Clinical Characteristics and Epidemiological Features of Hepatitis E Virus Infection Among People Living with HIV in Shanghai, China

Round 1

Reviewer 1 Report

Comments and Suggestions for Authors

The manuscript by Zhao et al. entitled Clinical Characteristics and Epidemiological Features of Hepatitis E Virus Infection among People Living with HIV in Shanghai, China,” narrows an important geographical and clinical knowledge gap on HIV/HEV co-infection in eastern China. Using a large single-center cohort of 670 people living with HIV (PLWH) and 464 HIV-negative controls, the authors demonstrate that anti-HEV IgG seroprevalence is significantly higher in PLWH (30.0 %) than in controls (17.7 %). Multivariable analysis shows that advanced WHO HIV stage (III/IV) independently predicts HEV seropositivity, whereas age, sex, and CD4 count do not. By directly estimating the excess HEV burden attributable to HIV infection, the study complements existing data, which are largely drawn from western and southwestern provinces in China, and reveals novel and meaningful east-coast heterogeneity. Clinically, the findings strongly support the need for routine HEV screening in PLWH who present with unexplained elevations in liver enzymes. Despite many strengths of the current studies, the manuscript in its present form has several conceptual, methodological, and presentational shortcomings that should be addressed to enhance the novelty and scientific clarity of the work. To allow for a comprehensive revision of the current manuscript, please find below a thematically organized flow that should improve the study.

 

Major Critiques:

-The manuscript employs a retrospective, cross-sectional design, yet several phrases imply causality. For example, the sentence advanced stage emerged as a risk factor that increases HEV susceptibility attributes a directional effect that cannot be inferred without longitudinal data. To maintain methodological consistency, all such wording should be reframed in associative terms and should acknowledge potential reverse causation (e.g., chronic HEV infection possibly hastening HIV progression).

 

Suggestions for revisions to the following text: Replace“advanced stage emerged as a risk factor that increases HEV susceptibility” with Advanced WHO HIV stage (III/IV) was associated with a higher likelihood of prior HEV exposure; however, the cross-sectional design precludes inference about directionality, and unrecognised chronic HEV infection could itself contribute to HIV disease progression.

 

-The manuscript’s description of population selection lacks critical details, making it difficult to judge the representativeness of both PLWH and control groups. Without knowing whether anti-HEV tests were ordered routinely or only for symptomatic individuals, readers cannot gauge possible selection bias. Likewise, the control group is ambiguously labelled “healthy” in the Abstract yet described as “hospital attendees” in the Methods, leaving their true exposure context unclear. These ambiguities weaken the study’s internal validity and may distort prevalence estimates. A succinct flow chart showing the sampling selection process, plus precise terminology for controls and additional covariate adjustment, would resolve these issues.  The following suggestions can be made to address these concerns:

1. Clarify why PLWH were tested
   Current text (Methods, first paragraph):“Between 2018 and 2024, 670 adult PLWH underwent anti-HEV testing.”

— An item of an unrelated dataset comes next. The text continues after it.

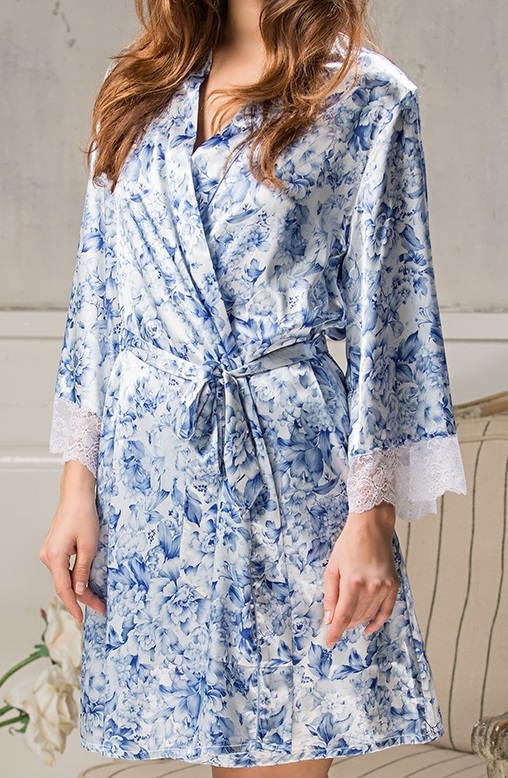 Короткий халат Mia-Amore выполнен из смесовой принтованной ткани. Ажурное кружево расположено по низу рукавов.

Consider replacing with or revising the text as follows: “Between January 2018 and May 2024, our clinic followed 1,944 PLWH; of these, 670 (34.5 %) underwent anti-HEV testing as part of routine annual liver-function surveillance, independent of clinical hepatitis symptoms.”

1. Add a step-by-step flow diagram that clarifies the rationale for sampling and testing of study subjects.

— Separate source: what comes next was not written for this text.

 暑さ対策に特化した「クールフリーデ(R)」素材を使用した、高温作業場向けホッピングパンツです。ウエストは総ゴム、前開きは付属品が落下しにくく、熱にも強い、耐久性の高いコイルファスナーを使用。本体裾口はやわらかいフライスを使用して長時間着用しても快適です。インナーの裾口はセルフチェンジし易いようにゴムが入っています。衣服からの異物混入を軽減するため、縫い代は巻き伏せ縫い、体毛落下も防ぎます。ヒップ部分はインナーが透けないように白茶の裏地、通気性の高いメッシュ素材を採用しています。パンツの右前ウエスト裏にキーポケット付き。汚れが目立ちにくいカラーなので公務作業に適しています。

As a suggestion, immediately after the revised sentence above, I would suggest a Figure 1 that best captures the following: Figure 1 depicts the full sampling structure, including total PLWH in care, numbers tested, exclusions, and the final analytic cohort.

 

1. The control groups should be better defined as the current manuscript stated, “Healthy controls (n = 464) were recruited from the same hospital.” It is unclear if the healthy controls, as mentioned, came to the hospital for other reasons or if these are routine hospital visits. As such please consider replacing with: Controls comprised 464 HIV-seronegative adults who attended the hospital’s annual employment health-check program and reported no chronic liver disease or immunodeficiency.   Alternatively, there needs to be a justification of what clinical parameters would have prompted testing or are these routine tests?

 

1. Please try to harmonize terminology throughout the manuscript by searching and replacing “healthy controls” with HIV-negative health-check attendees to maintain consistency.

 

 

1. There is a need to also address potential confounding by potentially adding an additional  sentence to description of the control subjects: As healthcare contact and transfusion history may influence HEV exposure, multivariable models were additionally adjusted for transfusion, occupation, and household income; variables with p < 0.10 in univariate analysis were retained.

 

Adding a flow diagram and indicating revisions above will make the sampling framework transparent and justify case versus control comparability. As these are suggestions, the authors can adopt their own approach to addressing these critiques.

 

-The clinical Diagnostic methods are appropriate but incompletely reported. While the diagnostic approach is broadly appropriate, key performance details relevant to the testing kits are missing. The manuscript names the Wantai ELISA  kit but omits its published sensitivity and specificity, and it reports HEV-RNA testing only in IgM-positive sera with a 500 copies mL-¹ limit of detection (LOD). From a testing standpoint, this LOD threshold might not capture low-level viremia in immunocompromised patients. Therefore, there is the possibility of false negatives with the testing kit, giving the lower limit for detection might not capture low viremic cases. Including the characteristics of the detection kit and acknowledging the risk of false-negative PCR results would give readers a clearer picture of diagnostic certainty.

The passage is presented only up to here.